• [Your goal]
Produce the lines from the one containing "Crocosmia 'Zambesi' est" through the end of the material exactly as they appear, both ends included, and leave the pictures out.

• [Information shown]

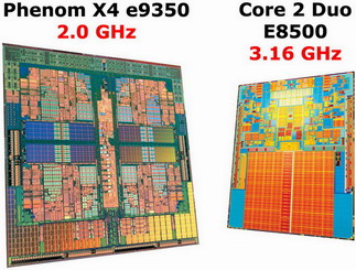 Возьмём наиболее эффективный четырёхъядерный процессор AMD Phenom X4 9350e на 2,0 ГГц и сравнить его с одним из самых быстрых процессоров Intel Core 2 Duo E8500 на частоте 3,16 ГГц.
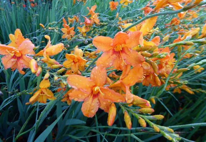 Crocosmia 'Zambesi' est une véritable étoile à la bordure avec ses tiges courbes ornées de fleurs en entonnoir jaune-orange, plus foncées au centre.
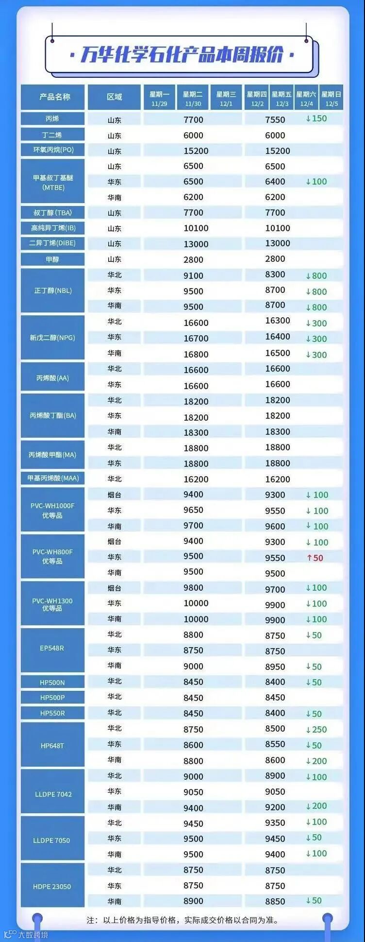 近日,万华化学发布产品报价表,多种产品价格有所下滑且力度较大。其中正丁醇华南区域报价8500元/吨,较月初报价下跌1000元/吨,新戊二醇华北区域报价15800元/吨,较月初下跌800元/吨;高纯异丁烯报价9750元/吨,较月初报价下跌350元/吨;甲基叔丁基醚报价6200元/吨,较月初报价下跌300元/吨;除此之外,丙烯、PVC等产品均出现了一定的下跌。

• [Response]
 Crocosmia 'Zambesi' est une véritable étoile à la bordure avec ses tiges courbes ornées de fleurs en entonnoir jaune-orange, plus foncées au centre.
 近日,万华化学发布产品报价表,多种产品价格有所下滑且力度较大。其中正丁醇华南区域报价8500元/吨,较月初报价下跌1000元/吨,新戊二醇华北区域报价15800元/吨,较月初下跌800元/吨;高纯异丁烯报价9750元/吨,较月初报价下跌350元/吨;甲基叔丁基醚报价6200元/吨,较月初报价下跌300元/吨;除此之外,丙烯、PVC等产品均出现了一定的下跌。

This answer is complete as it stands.